I would prefer that a language syntax is designed to be good for users, even if that means it presents problems for implementors. You have not argued that these issues indicate bad design from the point of view of an application programmer. If you think about languages that have been designed to be easy to parse, are these really languages that you would want to use? Ian Zimmerman wrote:
itz> All this taken together, I mean, _really_, is the lexical itz> structure of Haskell a botch, or what?
Jon> No. Innovative. All the problems described in this thread reflect Jon> unwarranted assumptions inherited in emacs. It's plainly possible Jon> to parse Haskell, and not hard either.
First, parsing of a complete program (eg. by a compiler) is quite different from parsing a buffer that is being edited by a human. The latter is hard, even for fairly well-specified languages.

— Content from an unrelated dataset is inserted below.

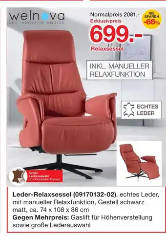Welnova leder-relaxsessel-Angebot bei Möbelzentrum Pforzheim
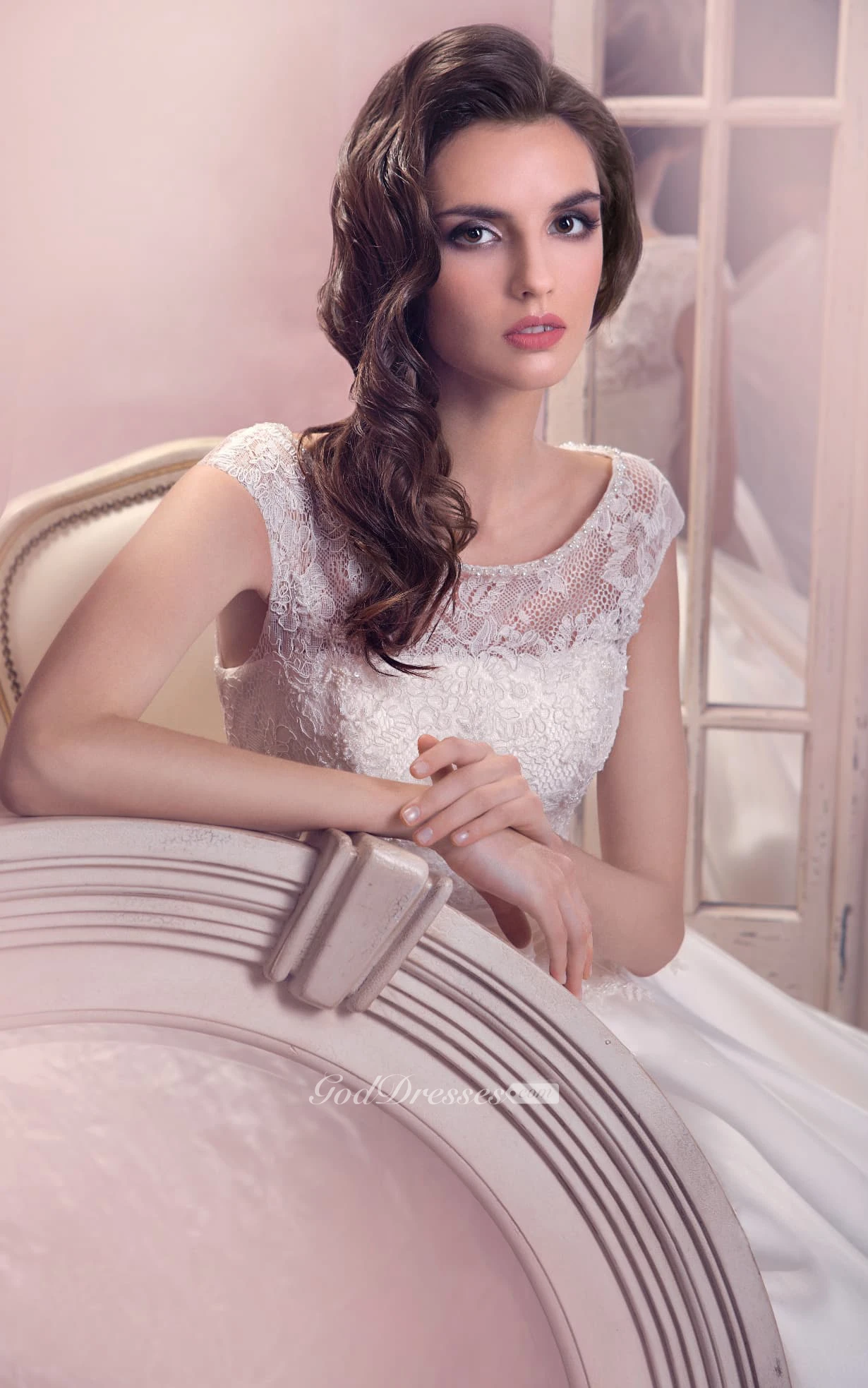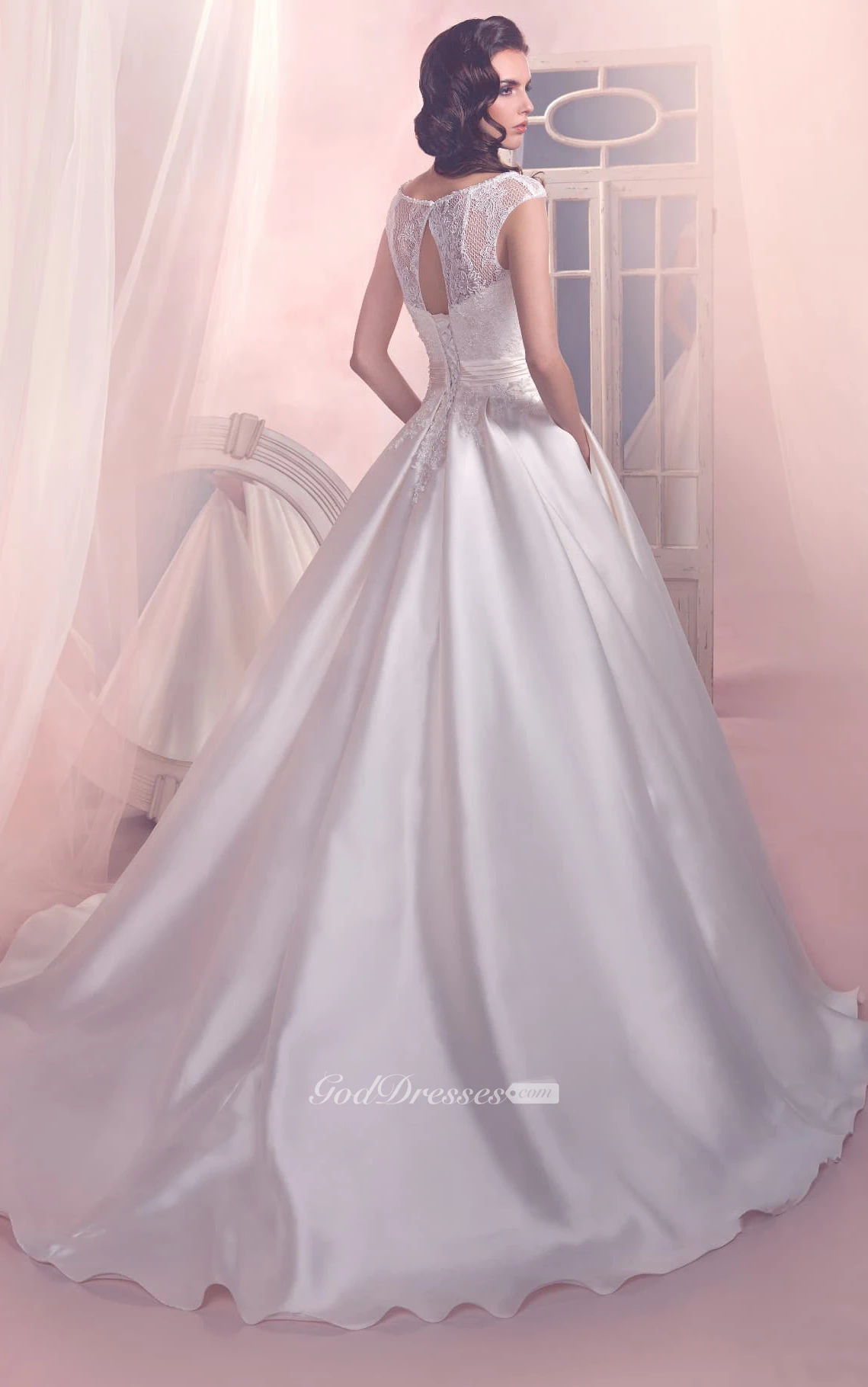 A-Line Long Bateau-Neck Cap-Sleeve Lace-Up Satin Dress With Bow And Pleatings

Irregularities only make it harder.
Second, this argument would be easier to accept if there in fact were an equally innovative tool capable of providing all the editing goodies Emacs normally does, for Haskell. But I don't know of one, even now, 10 years or so after Haskell's birth.
--brian

brian> If you think about languages that have been designed to be easy brian> to parse, are these really languages that you would want to brian> use? No, but for different (semantical) reasons. -- Ian Zimmerman, Oakland, California, U.S.A. GPG: 433BA087 9C0F 194F 203A 63F7 B1B8 6E5A 8CA3 27DB 433B A087 The world has taken on a thickness of vulgarity that raises a spiritual man's contempt to the violence of a passion. Baudelaire

What a nice place to flame... :) On Thu, Feb 07, 2002 at 01:47:16PM -0800, Ian Zimmerman wrote:
Second, this argument would be easier to accept if there in fact were an equally innovative tool capable of providing all the editing goodies Emacs normally does, for Haskell. But I don't know of one, even now, 10 years or so after Haskell's birth.
Well, vim, though maybe dumb, is often accounted as having better syntax highlighting (I had no chance to prove that, since dont use emacs). At least, the examples you provided caused no problem. Can you present the original problem with ' and ('s - I'd like to check how it does? There are quite simple parsing based on regexps (and some very common "shadowing" principles). You could look at their syntax file, and maybe port it to emacs. Max.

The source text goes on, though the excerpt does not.